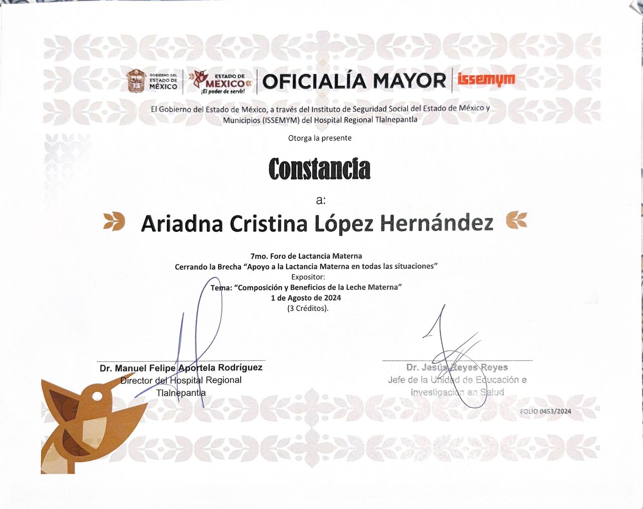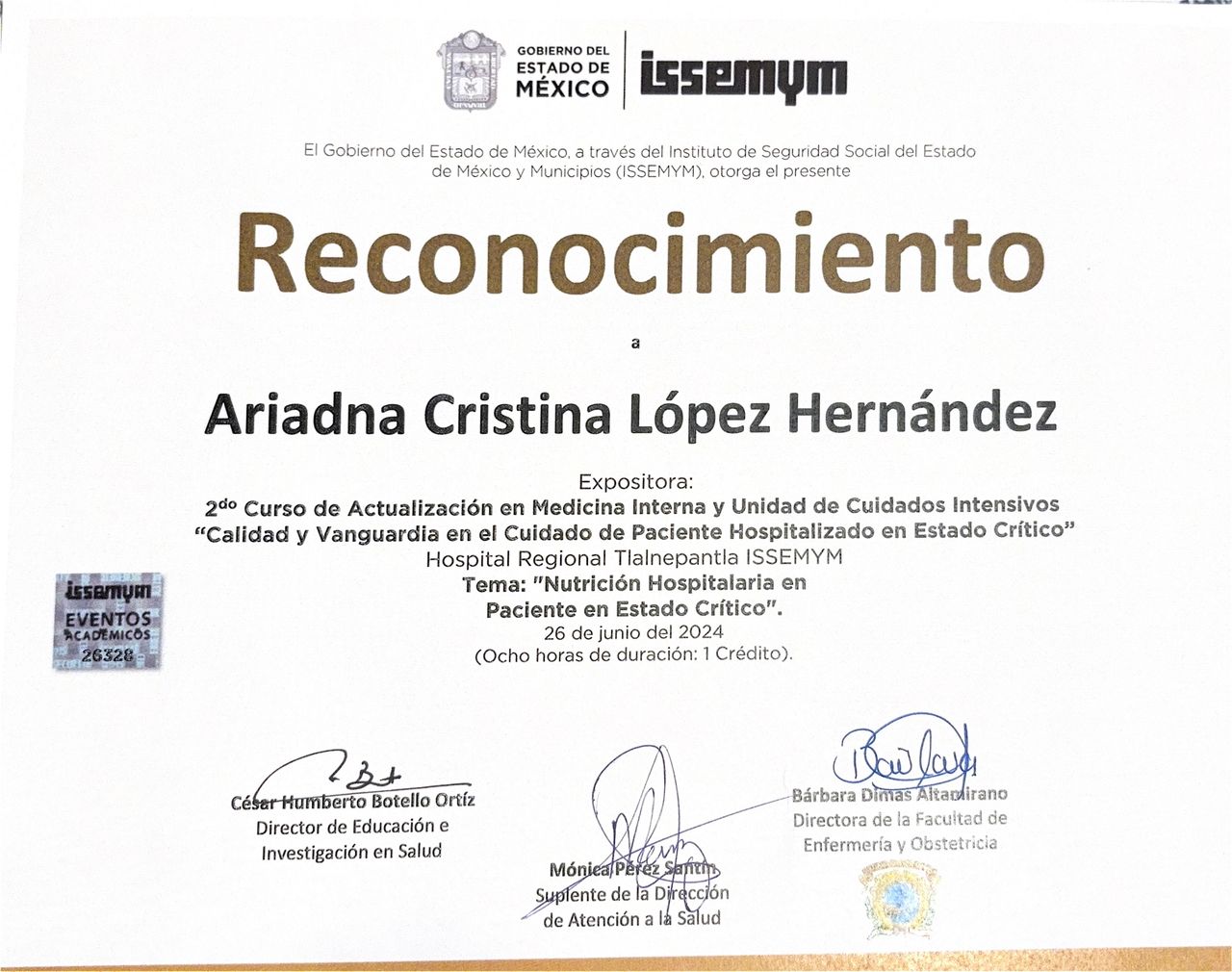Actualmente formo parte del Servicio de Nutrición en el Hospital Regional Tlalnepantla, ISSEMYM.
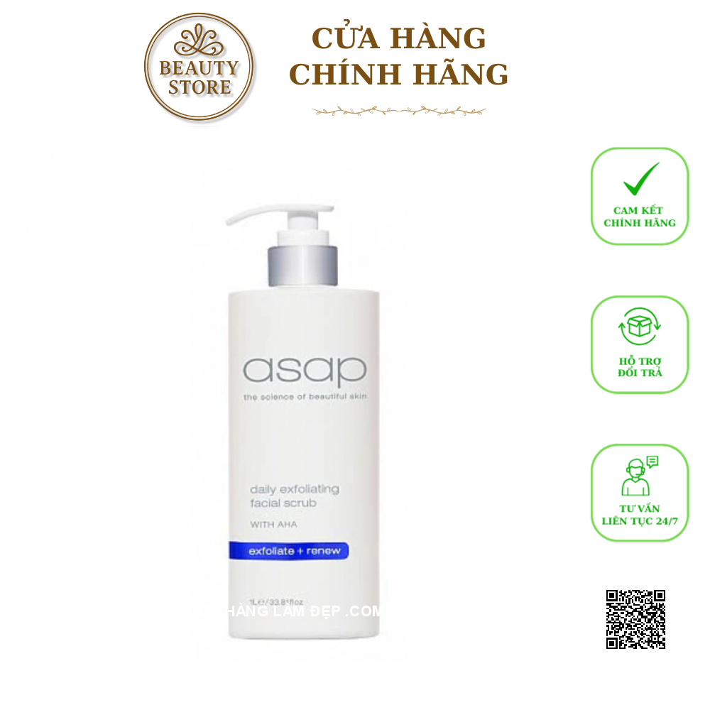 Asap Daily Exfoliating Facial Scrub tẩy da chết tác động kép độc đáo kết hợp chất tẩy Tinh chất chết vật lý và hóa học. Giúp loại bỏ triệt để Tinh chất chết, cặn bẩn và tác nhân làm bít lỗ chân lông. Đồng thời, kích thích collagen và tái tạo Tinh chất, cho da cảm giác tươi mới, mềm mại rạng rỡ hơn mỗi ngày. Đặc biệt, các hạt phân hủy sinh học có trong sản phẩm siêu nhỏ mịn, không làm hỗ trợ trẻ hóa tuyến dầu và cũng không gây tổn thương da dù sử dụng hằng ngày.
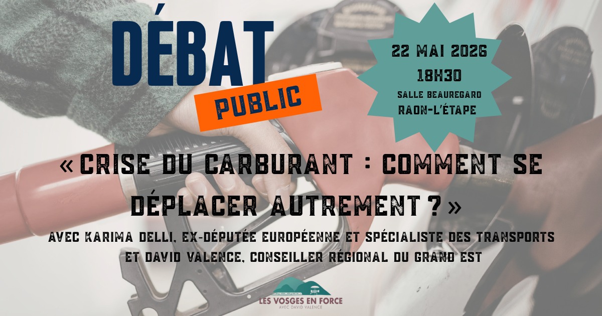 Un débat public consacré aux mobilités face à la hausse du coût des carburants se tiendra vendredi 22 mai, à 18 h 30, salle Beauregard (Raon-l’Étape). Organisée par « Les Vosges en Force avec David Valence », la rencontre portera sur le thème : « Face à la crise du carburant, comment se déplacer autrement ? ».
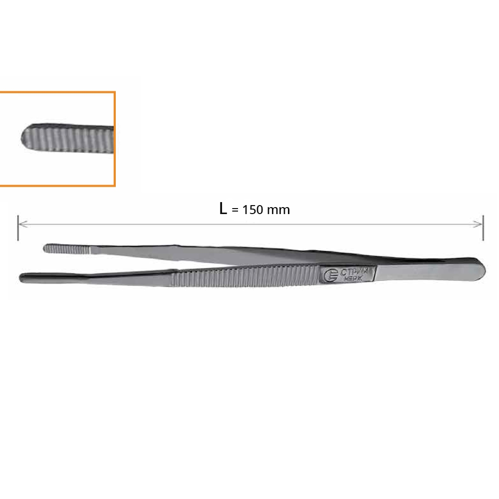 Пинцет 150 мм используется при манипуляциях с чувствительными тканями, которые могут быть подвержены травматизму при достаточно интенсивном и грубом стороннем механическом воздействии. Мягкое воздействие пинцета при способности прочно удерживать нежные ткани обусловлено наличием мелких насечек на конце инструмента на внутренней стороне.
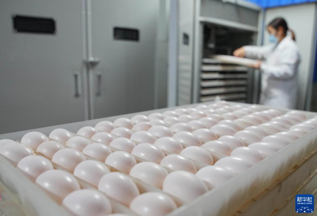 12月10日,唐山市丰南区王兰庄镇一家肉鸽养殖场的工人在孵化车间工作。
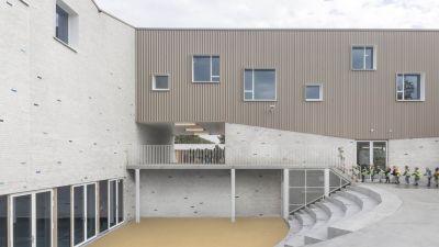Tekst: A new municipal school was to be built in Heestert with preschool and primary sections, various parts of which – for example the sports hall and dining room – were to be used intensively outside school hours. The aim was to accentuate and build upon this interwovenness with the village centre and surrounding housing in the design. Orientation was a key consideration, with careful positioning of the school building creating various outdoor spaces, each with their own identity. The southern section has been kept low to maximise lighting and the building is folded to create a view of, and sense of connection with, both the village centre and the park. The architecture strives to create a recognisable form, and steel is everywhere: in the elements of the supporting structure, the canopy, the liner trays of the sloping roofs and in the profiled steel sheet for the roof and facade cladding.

■ **What to work on**: All of the material must be given again exactly, though no picture may appear in the copy.

■ **Response area**:
Actualmente formo parte del Servicio de Nutrición en el Hospital Regional Tlalnepantla, ISSEMYM.
 Asap Daily Exfoliating Facial Scrub tẩy da chết tác động kép độc đáo kết hợp chất tẩy Tinh chất chết vật lý và hóa học. Giúp loại bỏ triệt để Tinh chất chết, cặn bẩn và tác nhân làm bít lỗ chân lông. Đồng thời, kích thích collagen và tái tạo Tinh chất, cho da cảm giác tươi mới, mềm mại rạng rỡ hơn mỗi ngày. Đặc biệt, các hạt phân hủy sinh học có trong sản phẩm siêu nhỏ mịn, không làm hỗ trợ trẻ hóa tuyến dầu và cũng không gây tổn thương da dù sử dụng hằng ngày.
 Un débat public consacré aux mobilités face à la hausse du coût des carburants se tiendra vendredi 22 mai, à 18 h 30, salle Beauregard (Raon-l’Étape). Organisée par « Les Vosges en Force avec David Valence », la rencontre portera sur le thème : « Face à la crise du carburant, comment se déplacer autrement ? ».
 Пинцет 150 мм используется при манипуляциях с чувствительными тканями, которые могут быть подвержены травматизму при достаточно интенсивном и грубом стороннем механическом воздействии. Мягкое воздействие пинцета при способности прочно удерживать нежные ткани обусловлено наличием мелких насечек на конце инструмента на внутренней стороне.
 12月10日,唐山市丰南区王兰庄镇一家肉鸽养殖场的工人在孵化车间工作。
Tekst: A new municipal school was to be built in Heestert with preschool and primary sections, various parts of which – for example the sports hall and dining room – were to be used intensively outside school hours. The aim was to accentuate and build upon this interwovenness with the village centre and surrounding housing in the design. Orientation was a key consideration, with careful positioning of the school building creating various outdoor spaces, each with their own identity. The southern section has been kept low to maximise lighting and the building is folded to create a view of, and sense of connection with, both the village centre and the park. The architecture strives to create a recognisable form, and steel is everywhere: in the elements of the supporting structure, the canopy, the liner trays of the sloping roofs and in the profiled steel sheet for the roof and facade cladding.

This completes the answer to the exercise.